Three hours passed as they rolled along a highway bordered on both sides by nothing but dry sand and some scrub bushes. Once an 18-wheeler went by them going in the opposite direction, but aside from that, it seemed like an arid limbo. Ruffian basically interrogated Johnny about his previous 19th Century life. Yes, he admitted he had met many legendary figures in his day, among them Tom Pinto, the Twilight Riders, Copperhair. Most of them were not at all as they were portrayed in movies and TV shows but had been in fact more interesting and even more violent than was usually shown. Except for when mining towns were first getting established and were indeed lawless hellholes, most settled places in the Old West were peaceful to the point of being boring. Guns were left at the constable's office, laws were strictly enforced and troublemakers were chased out quickly.

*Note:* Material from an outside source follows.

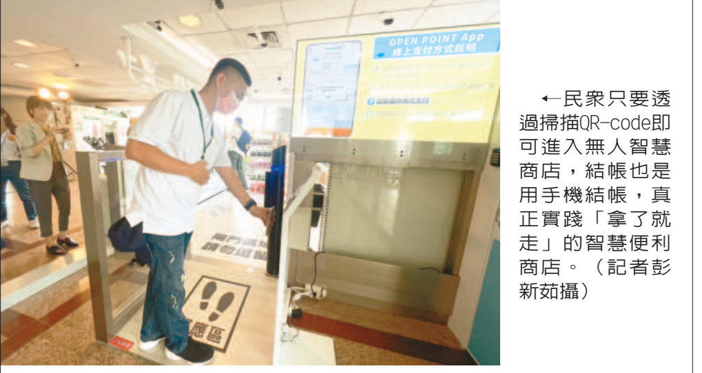
←民眾只要透過掃描QR-code即可進入無人智慧商店，結帳也是用手機結帳，真正實踐「拿了就走」的智慧便利商店。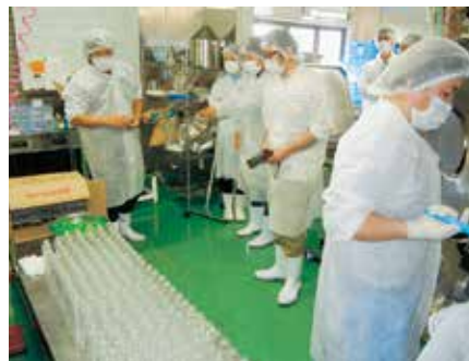
加工施設でのインターンシップ研修

The funniest thing, according to Johnny, was that toward the closing of the century, people began to act more and more the way they had read about in trashy dime novels. Gunfighters started challenging each other to duels, usually outside town limits where they wouldn't be arrested. That had never happened before, in his experience. Gambling and whoring and drinking intensified to the point of causing real unrest as the rule of law teetered uncertainly. Then, as 1900 dawned, it all settled down again.

Johnny mentioned that he didn't know how long he had lived in his original life. The last recorded appearance of the Brimstone Kid was in 1912, when he had been almost sixty and had boarded a ship for Europe. History was silent on him after that. Johnny himself had been getting flashes of memory lately featuring his middle aged years, but none were later than when he had been hitting fifty and had been caught up in the hunt for the Tzumatli Wheel. All he had so far were brief, fragmented images capturing isolated moments but they had been enough to draw him here

Was there the slightest tinge of added interest in her voice? "Really. If you piece everything together about the Wheel, does it add up to much?"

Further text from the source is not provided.